↓↓↓

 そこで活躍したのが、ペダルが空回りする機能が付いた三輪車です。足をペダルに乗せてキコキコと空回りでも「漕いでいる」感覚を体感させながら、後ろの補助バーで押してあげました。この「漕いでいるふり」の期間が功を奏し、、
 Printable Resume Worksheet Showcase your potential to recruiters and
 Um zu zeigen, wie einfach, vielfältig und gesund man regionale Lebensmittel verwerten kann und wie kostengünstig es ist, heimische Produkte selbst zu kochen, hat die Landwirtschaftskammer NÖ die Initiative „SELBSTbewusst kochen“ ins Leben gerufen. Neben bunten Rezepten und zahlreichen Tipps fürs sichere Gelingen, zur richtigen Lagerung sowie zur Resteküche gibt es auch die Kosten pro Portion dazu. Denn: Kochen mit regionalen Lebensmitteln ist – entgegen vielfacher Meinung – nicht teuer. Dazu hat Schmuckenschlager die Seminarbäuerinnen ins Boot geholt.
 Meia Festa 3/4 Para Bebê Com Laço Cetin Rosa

↑↑↑
↓↓↓

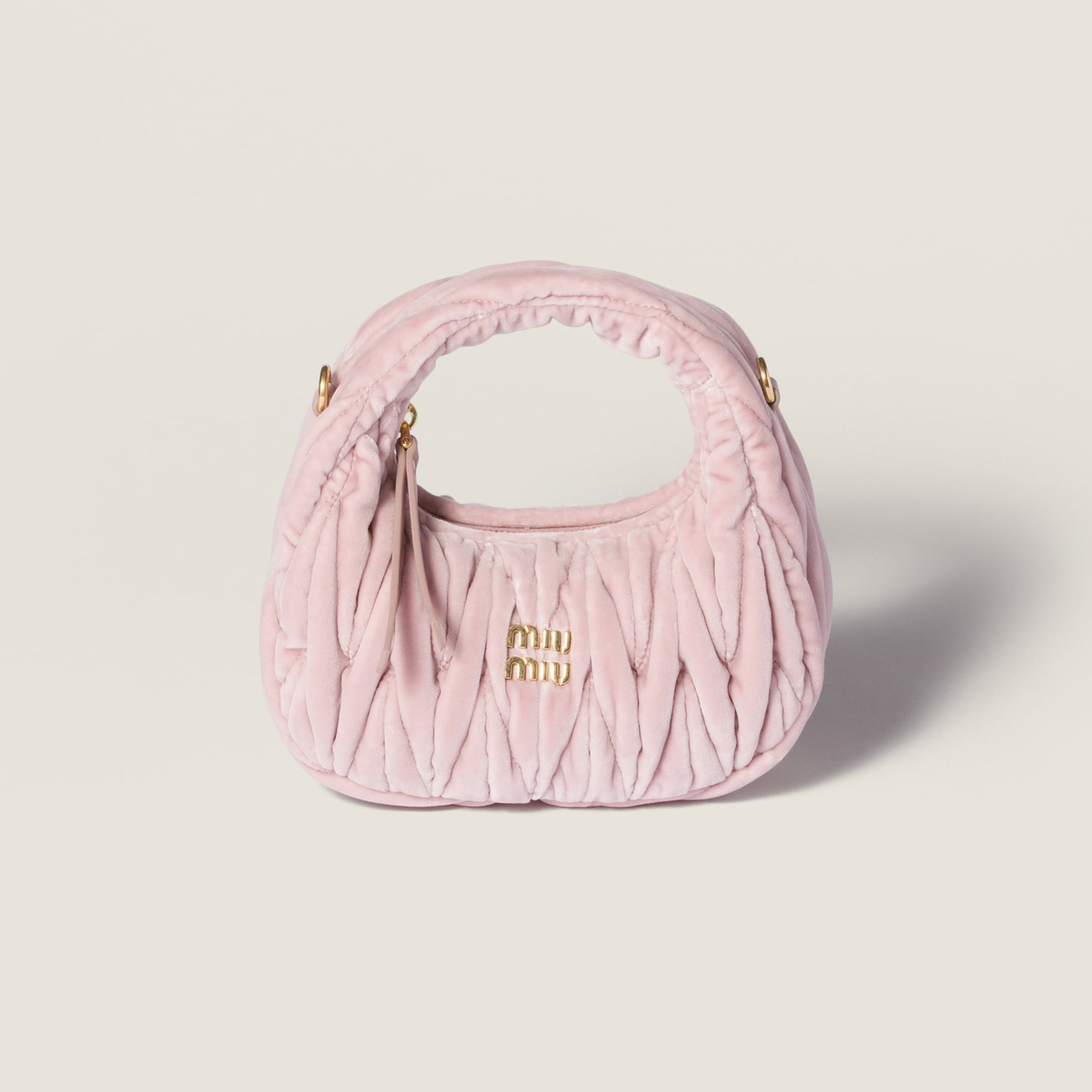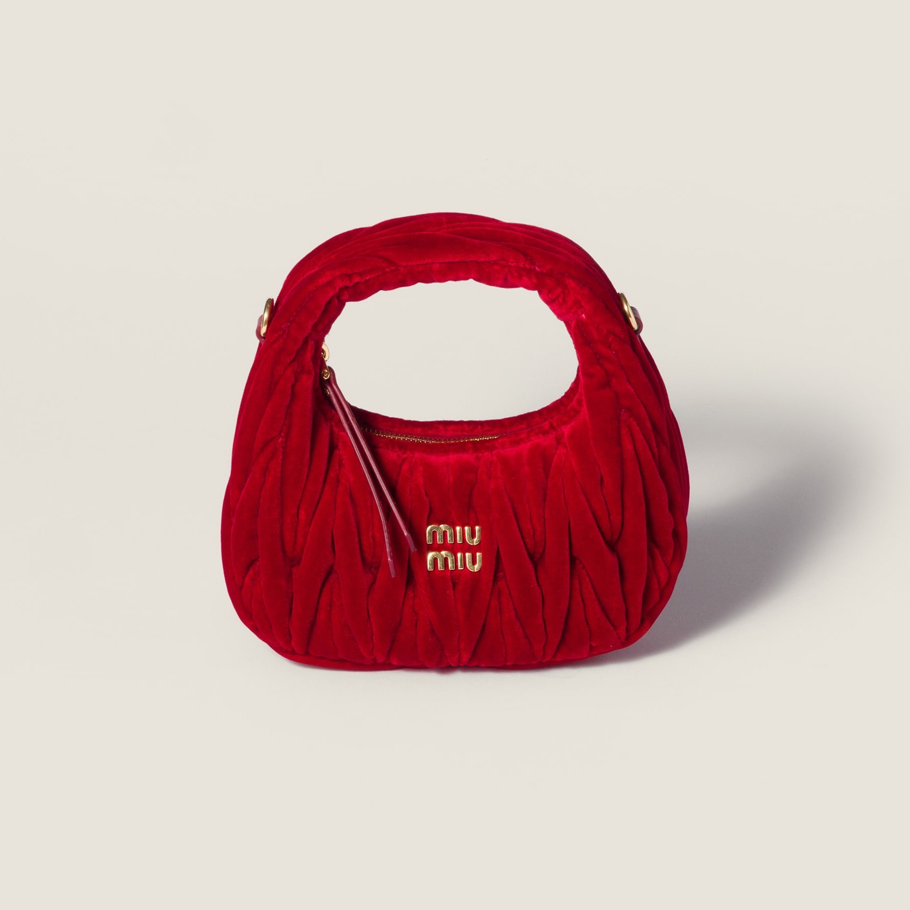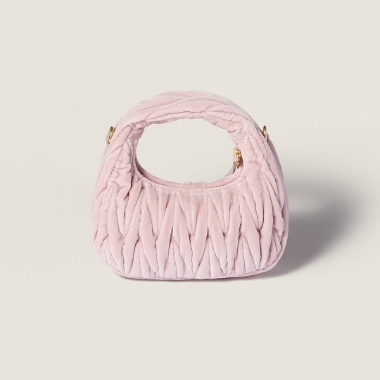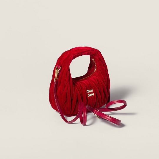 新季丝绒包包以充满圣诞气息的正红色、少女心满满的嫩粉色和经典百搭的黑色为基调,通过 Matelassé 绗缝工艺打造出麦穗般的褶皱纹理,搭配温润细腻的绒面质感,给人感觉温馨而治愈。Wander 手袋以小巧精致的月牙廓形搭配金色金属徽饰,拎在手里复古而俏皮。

↑↑↑
↓↓↓

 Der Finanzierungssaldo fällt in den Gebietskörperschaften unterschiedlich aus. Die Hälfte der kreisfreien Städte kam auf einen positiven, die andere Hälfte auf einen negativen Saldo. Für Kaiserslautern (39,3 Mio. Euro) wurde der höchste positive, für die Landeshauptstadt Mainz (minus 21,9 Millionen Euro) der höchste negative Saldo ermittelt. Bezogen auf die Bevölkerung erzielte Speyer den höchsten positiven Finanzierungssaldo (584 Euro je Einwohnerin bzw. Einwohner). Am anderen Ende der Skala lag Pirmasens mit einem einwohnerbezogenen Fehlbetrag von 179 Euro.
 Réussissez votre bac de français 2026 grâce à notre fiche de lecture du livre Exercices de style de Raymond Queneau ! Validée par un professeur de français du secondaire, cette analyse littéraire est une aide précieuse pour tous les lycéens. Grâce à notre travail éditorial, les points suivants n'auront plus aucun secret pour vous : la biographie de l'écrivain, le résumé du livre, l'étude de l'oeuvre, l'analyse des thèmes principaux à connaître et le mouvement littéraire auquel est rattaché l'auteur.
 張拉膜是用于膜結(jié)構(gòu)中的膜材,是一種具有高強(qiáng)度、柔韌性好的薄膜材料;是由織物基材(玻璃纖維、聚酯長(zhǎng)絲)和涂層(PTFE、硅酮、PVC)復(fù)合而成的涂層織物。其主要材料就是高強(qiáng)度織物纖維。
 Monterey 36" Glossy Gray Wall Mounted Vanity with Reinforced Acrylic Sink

↑↑↑

**Try it**
Of all the entries above, output exactly the lines between the one holding "Réussissez votre bac" and the one holding "Reinforced Acrylic Sink", inclusive.

**Answer box**
 Réussissez votre bac de français 2026 grâce à notre fiche de lecture du livre Exercices de style de Raymond Queneau ! Validée par un professeur de français du secondaire, cette analyse littéraire est une aide précieuse pour tous les lycéens. Grâce à notre travail éditorial, les points suivants n'auront plus aucun secret pour vous : la biographie de l'écrivain, le résumé du livre, l'étude de l'oeuvre, l'analyse des thèmes principaux à connaître et le mouvement littéraire auquel est rattaché l'auteur.
 張拉膜是用于膜結(jié)構(gòu)中的膜材,是一種具有高強(qiáng)度、柔韌性好的薄膜材料;是由織物基材(玻璃纖維、聚酯長(zhǎng)絲)和涂層(PTFE、硅酮、PVC)復(fù)合而成的涂層織物。其主要材料就是高強(qiáng)度織物纖維。
 Monterey 36" Glossy Gray Wall Mounted Vanity with Reinforced Acrylic Sink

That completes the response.